Yeah, good evening. Thanks for the updates and for taking my questions. I'm curious about your thoughts on long-term patient outcomes and safety findings. You know, the current plan does not seem to include of the required long-term patient safety monitoring protocols, even for the phase three trial. Have you received any feedback on that from the agency, could decades of this safety data from the existing formulation serve as an acceptable proxy?
Hi, this is Jim. So, we actually have pretty good clarity around what the requirements are going to be for long-term safety. The FDA has not only, you know, told others in the RCC space that 52 weeks is an important time point as far as they're concerned. We had planned on having 52 weeks of safety when we submit the NDA. There's ways to do that in the Phase III program with separate long-term extension trials. So our intention is to make sure that we include 52 weeks of safety. And of course, in that trial, we're also able to look at continued effects on cough. So I think it's in our plans, and we'll be looking for that.
That's very helpful. And maybe going forward ahead of, you know, running big phase three trials, what are your current perspective on potential U.S. or ex-U.S. partnerships? Thanks for taking my question.
Yeah, I mean, we're always in strategic conversations. I would say we are, you know, I think we're equipped and preparing for handling this ourselves in the U.S., sort of absent just a straight out, you know, buying the company. Farrell is always talking to various partners potentially for commercialization in Europe and Japan. And I think, you know, depending on the data and sort of timing, you know, that's certainly on the table.
Got it. Thank you. Yeah, thank you.
Our next question comes from Ryan Deschner of Raymond James. Please go ahead.
Hi, good afternoon. This is Anthony filling in for Ryan. We wanted to ask, have you seen any trends in the river study in terms of patient baseline characteristics, such as like background therapies or initial disease etiology?
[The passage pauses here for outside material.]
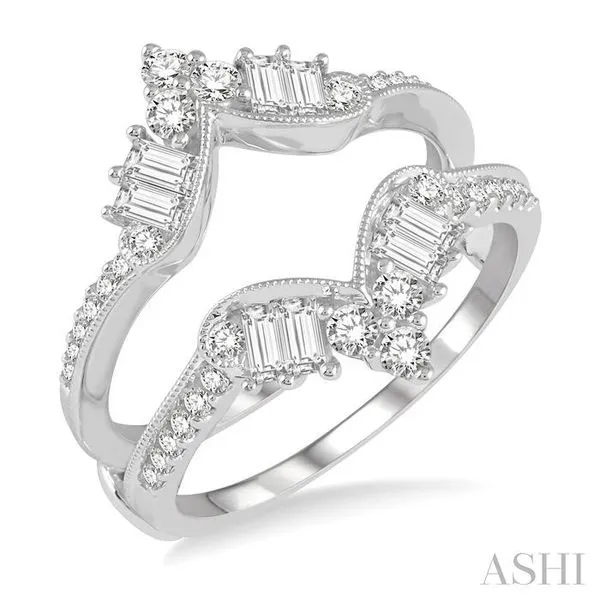 3/4 Ctw Chevron Center Baguette and Round Cut Diamond Insert Ring in 14K White Gold

It's probably too early to ask that, but I'll defer to you.
We are digging in on all of the data. I can't tell you that I have an answer for that right now. It's clearly... some of the analyses that we'll be putting together and preparing for presentations at some future meetings.
I mean, this drug, as you probably remember, Anthony, worked in literally everyone in a big way. So it's hard to see trends of maybe where it didn't work, but they are going sort of patient by patient, trying to understand what we can see here.
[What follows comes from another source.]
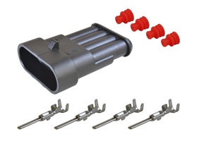 AMP SuperSeal 1.5 latching IP67 socket housing, which is resistant to ozone, salt, fuel, motor engine oil, etc, making it suitable for use in marine, automotive, and recreational vehicle use.

All right. Thank you very much.
Yeah, thank you.
I'm not showing any further questions at this time. This concludes our question and answer session. I would like to turn the conference call back over to Jennifer Good for closing remarks.
Thank you. We look forward to the upcoming results of our Phase 2b choral trial this quarter and appreciate all of you joining today's call. We are available after the call for any follow-up questions that you may have. Thank you for joining.
This conference call has now concluded. Thank you for attending today's presentation, you may now disconnect.